▶ _Your goal_
Exclude all pictures from your copy of the data below, which should otherwise match exactly.

▶ _Supplied material_
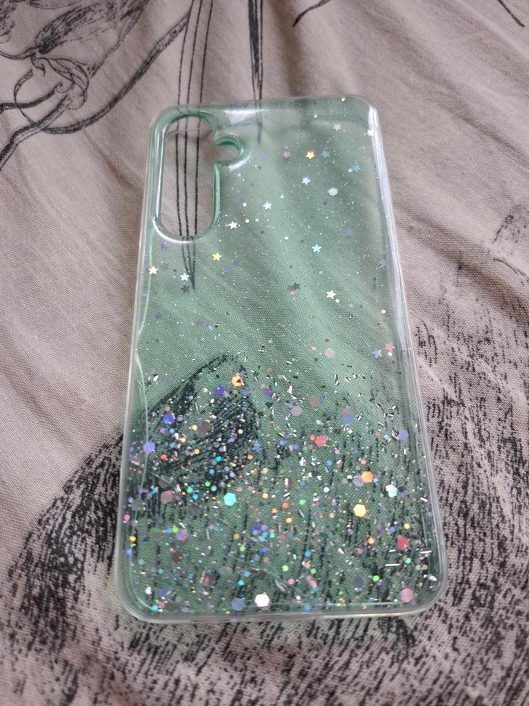 Чехол с блёстками:✨️ 💜Пришёл довольно быстро,где-то за 2 недели. 💜Запакован был хорошо. 💜Блёсточки очень красиво переливаються. 💜Сам чехол прозрачный с фиолетовым отливом. 💜Неприятного запаха не имеет. 💜Отлично сел на модель смартфона Samsung a04e. 💜Отлит хорошо,блёстки не цепляються и не "торчат". 🦋Очень довольна покупкой!🦋
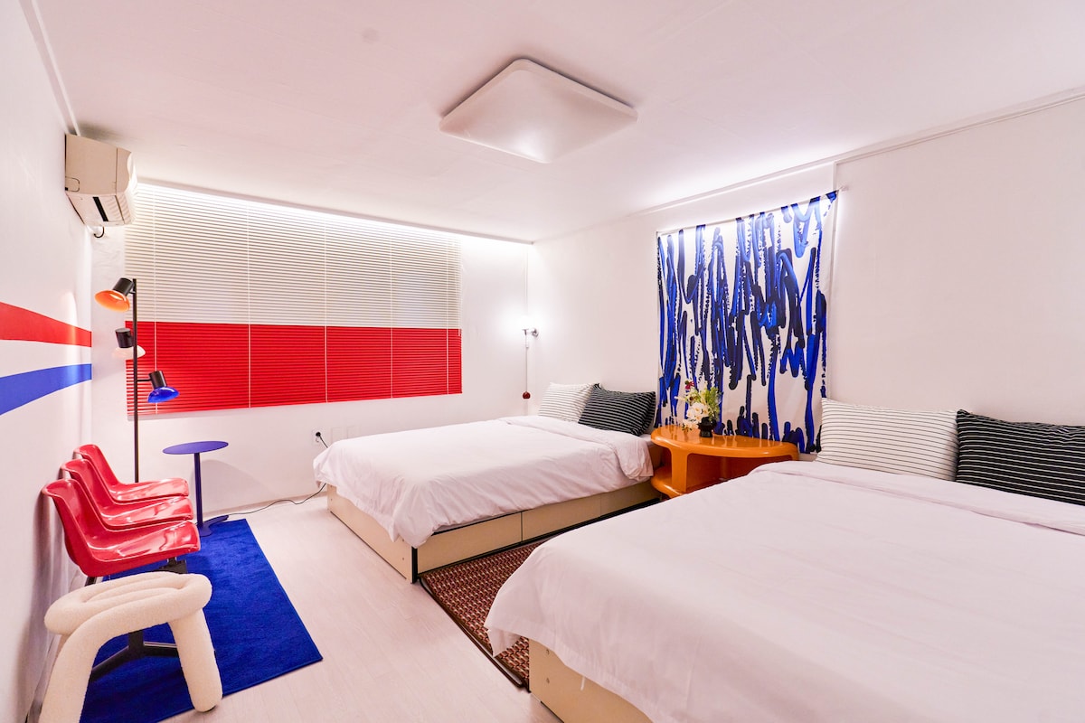 NUEVO ABIERTO Frente a la salida 3 de la estación de Hongik University, habitación 3 + sala de estar y cocina (3 camas queen, 1 cama individual)
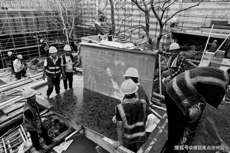悬崖会客厅廊架地面采用安哥拉黑 3.6m×1.8 m×0.3m 大板铺贴,施工难度极大,需 8 人协作抬运并配合机械作业,最终呈现出大板面的优质效果。会客厅廊架采用昂贵蜂窝不锈钢大板,大气且保证平整度,以高品质材质与精湛工艺,进一步提升空间的质感与格调。
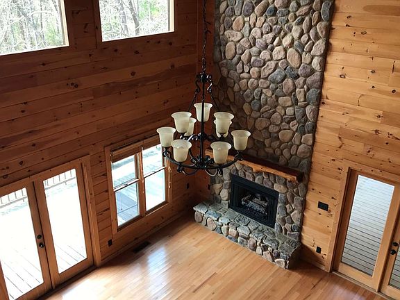 Great cabin home with four bedroom and three have there own fireplace. Great room has a fireplace as does the game room in the finished basement. External fireplace in the screen porch at the side of the house. Lots of glass on the front of the house for the mountain view. Easy access to hiking, lake and rivers as well as the town of Blue Ridge.

▶ _Answer box_
 Чехол с блёстками:✨️ 💜Пришёл довольно быстро,где-то за 2 недели. 💜Запакован был хорошо. 💜Блёсточки очень красиво переливаються. 💜Сам чехол прозрачный с фиолетовым отливом. 💜Неприятного запаха не имеет. 💜Отлично сел на модель смартфона Samsung a04e. 💜Отлит хорошо,блёстки не цепляються и не "торчат". 🦋Очень довольна покупкой!🦋
 NUEVO ABIERTO Frente a la salida 3 de la estación de Hongik University, habitación 3 + sala de estar y cocina (3 camas queen, 1 cama individual)
悬崖会客厅廊架地面采用安哥拉黑 3.6m×1.8 m×0.3m 大板铺贴,施工难度极大,需 8 人协作抬运并配合机械作业,最终呈现出大板面的优质效果。会客厅廊架采用昂贵蜂窝不锈钢大板,大气且保证平整度,以高品质材质与精湛工艺,进一步提升空间的质感与格调。
 Great cabin home with four bedroom and three have there own fireplace. Great room has a fireplace as does the game room in the finished basement. External fireplace in the screen porch at the side of the house. Lots of glass on the front of the house for the mountain view. Easy access to hiking, lake and rivers as well as the town of Blue Ridge.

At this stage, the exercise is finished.